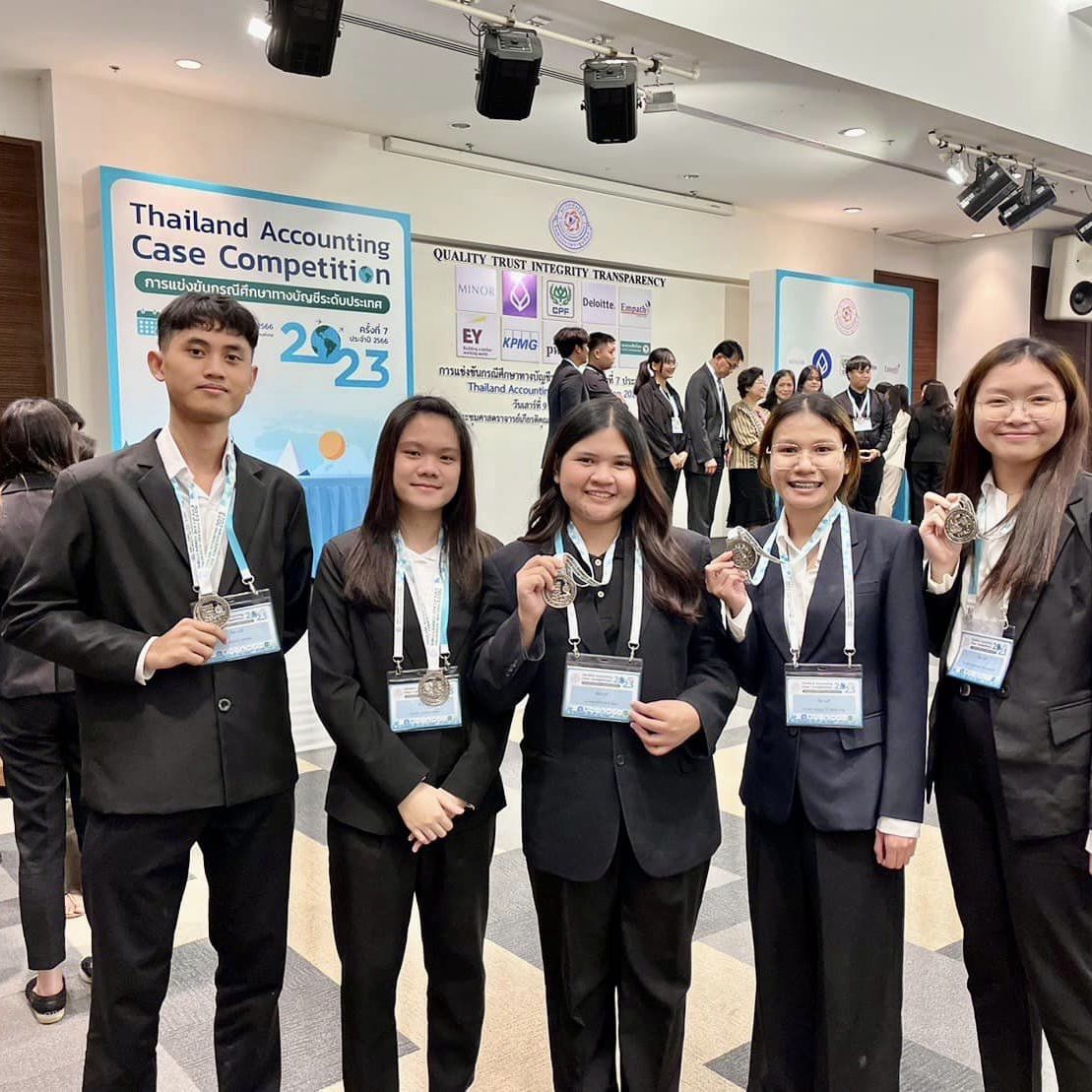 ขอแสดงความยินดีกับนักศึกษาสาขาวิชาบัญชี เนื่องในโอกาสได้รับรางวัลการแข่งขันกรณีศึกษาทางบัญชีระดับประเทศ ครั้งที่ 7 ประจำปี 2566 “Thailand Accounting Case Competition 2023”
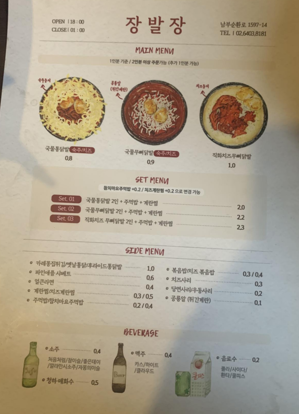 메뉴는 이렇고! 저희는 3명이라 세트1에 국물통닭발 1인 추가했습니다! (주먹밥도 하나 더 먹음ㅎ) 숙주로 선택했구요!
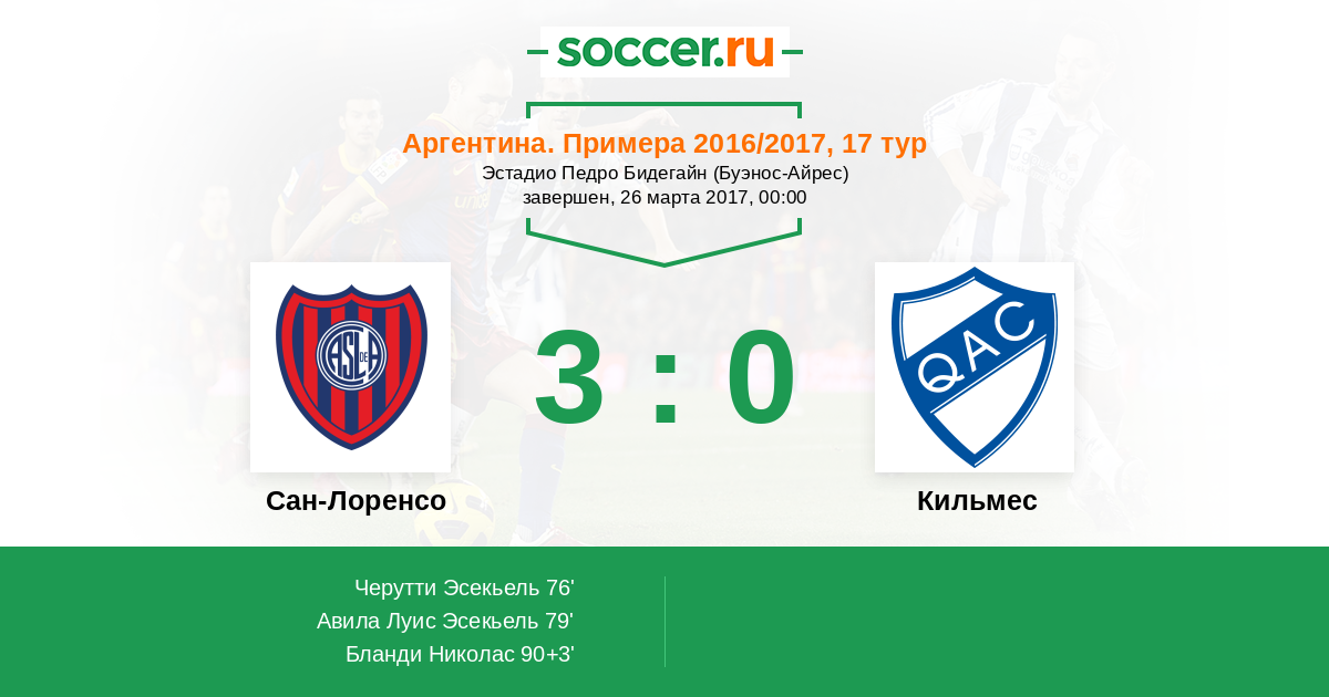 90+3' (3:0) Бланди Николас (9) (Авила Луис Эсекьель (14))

________________

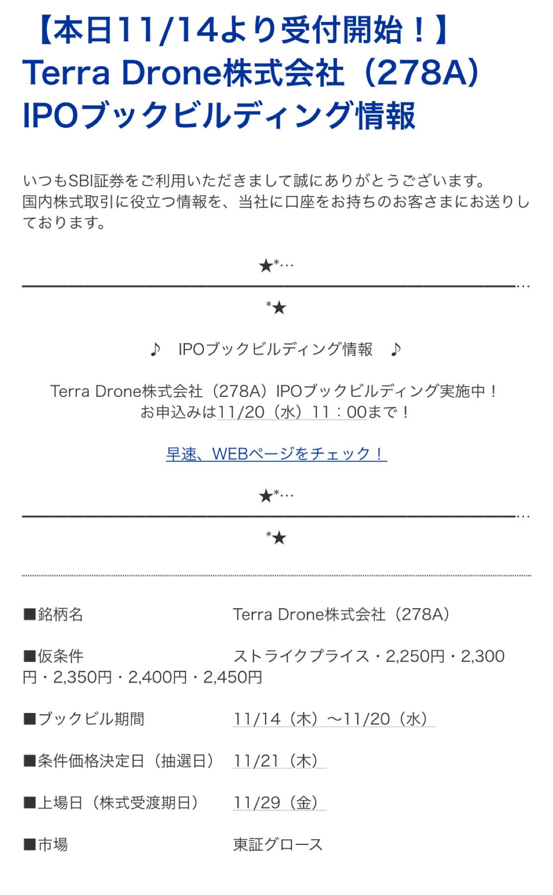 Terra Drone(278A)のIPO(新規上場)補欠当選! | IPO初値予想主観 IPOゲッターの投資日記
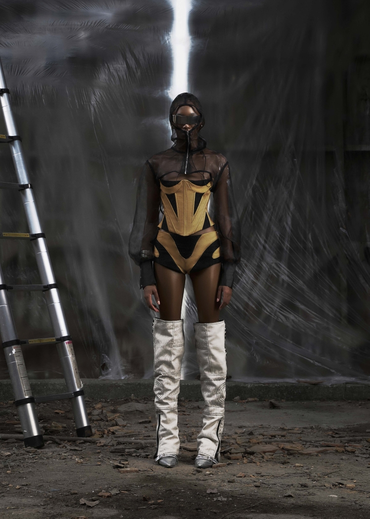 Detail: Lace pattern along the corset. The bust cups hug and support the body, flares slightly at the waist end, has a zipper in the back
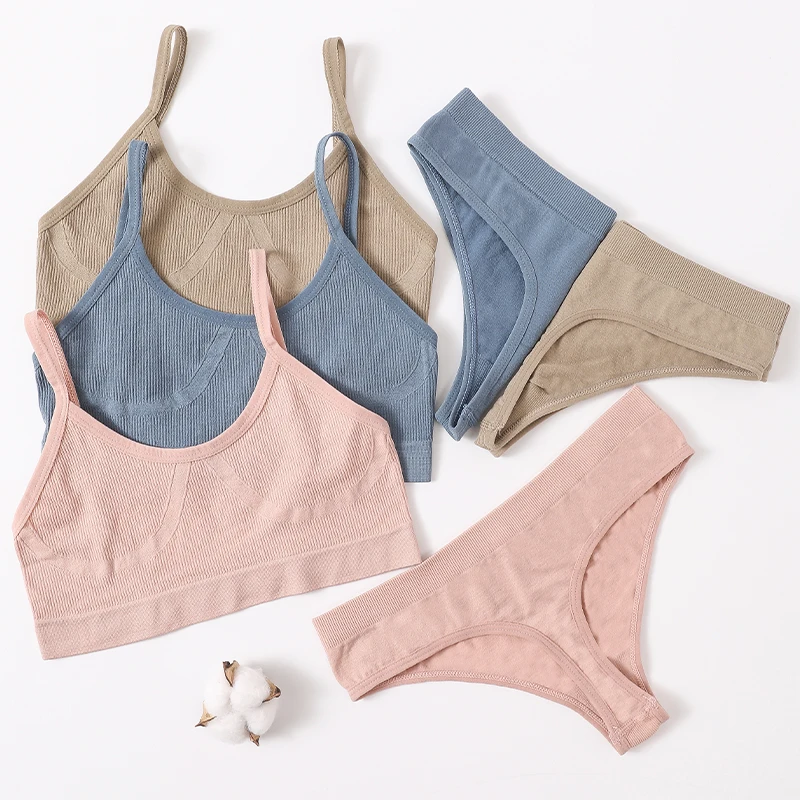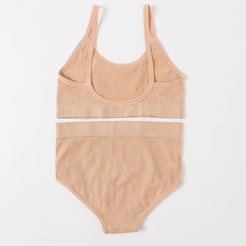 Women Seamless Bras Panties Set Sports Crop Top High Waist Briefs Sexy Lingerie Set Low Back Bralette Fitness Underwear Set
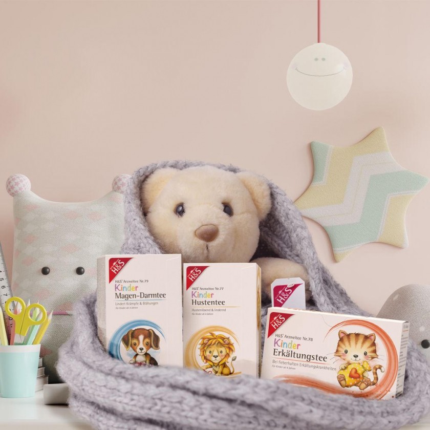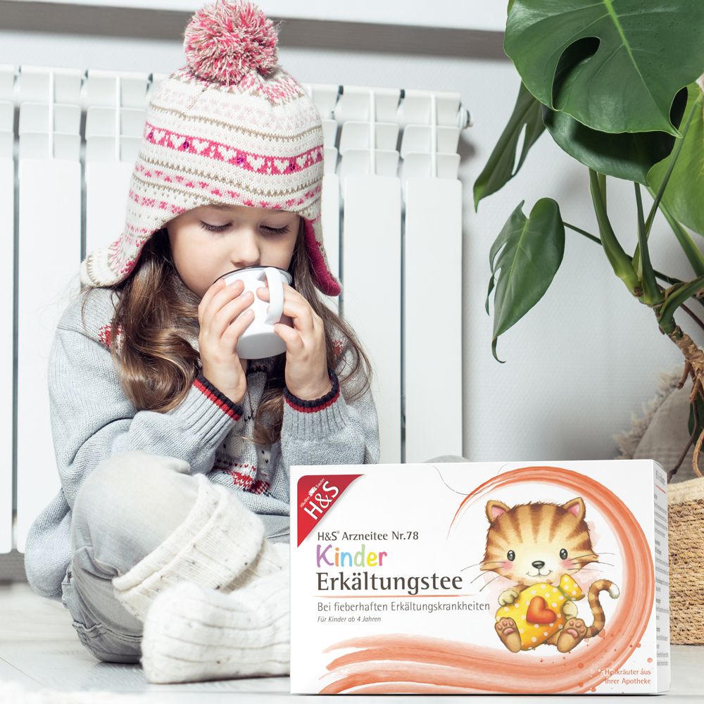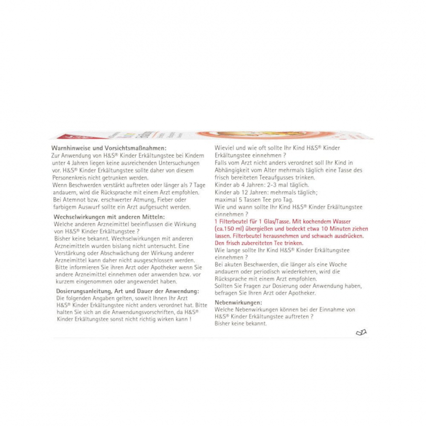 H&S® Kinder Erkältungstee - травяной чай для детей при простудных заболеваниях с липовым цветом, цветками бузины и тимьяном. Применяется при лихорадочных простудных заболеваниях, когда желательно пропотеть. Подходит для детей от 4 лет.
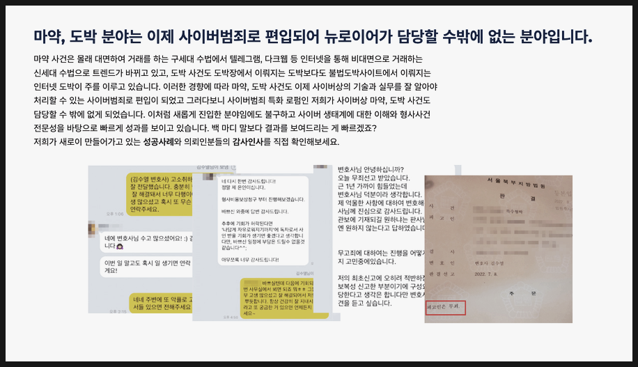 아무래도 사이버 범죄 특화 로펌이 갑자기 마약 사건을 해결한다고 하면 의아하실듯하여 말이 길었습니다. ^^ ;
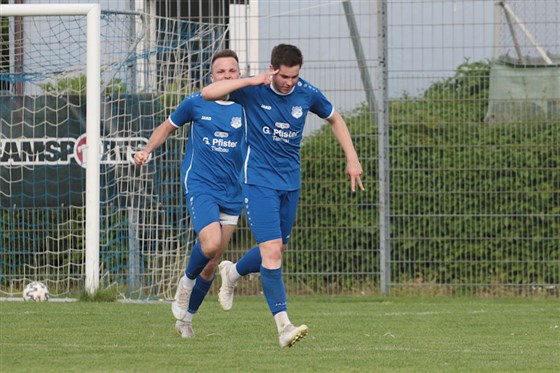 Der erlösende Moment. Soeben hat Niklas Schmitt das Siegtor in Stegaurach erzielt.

________________

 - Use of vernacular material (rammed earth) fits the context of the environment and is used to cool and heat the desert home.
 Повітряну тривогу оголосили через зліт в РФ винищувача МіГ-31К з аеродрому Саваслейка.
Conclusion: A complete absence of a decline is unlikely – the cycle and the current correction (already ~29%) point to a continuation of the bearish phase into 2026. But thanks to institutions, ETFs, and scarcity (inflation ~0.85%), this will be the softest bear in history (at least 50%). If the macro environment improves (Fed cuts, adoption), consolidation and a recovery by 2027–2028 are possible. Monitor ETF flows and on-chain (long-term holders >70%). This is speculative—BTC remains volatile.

________________

> Task directions: Reproduce the lines above, beginning at the line with "Повітряну тривогу оголосили" and stopping after the line with "Conclusion: A complete", exactly as they are.

> Reply to the task:
 Повітряну тривогу оголосили через зліт в РФ винищувача МіГ-31К з аеродрому Саваслейка.
Conclusion: A complete absence of a decline is unlikely – the cycle and the current correction (already ~29%) point to a continuation of the bearish phase into 2026. But thanks to institutions, ETFs, and scarcity (inflation ~0.85%), this will be the softest bear in history (at least 50%). If the macro environment improves (Fed cuts, adoption), consolidation and a recovery by 2027–2028 are possible. Monitor ETF flows and on-chain (long-term holders >70%). This is speculative—BTC remains volatile.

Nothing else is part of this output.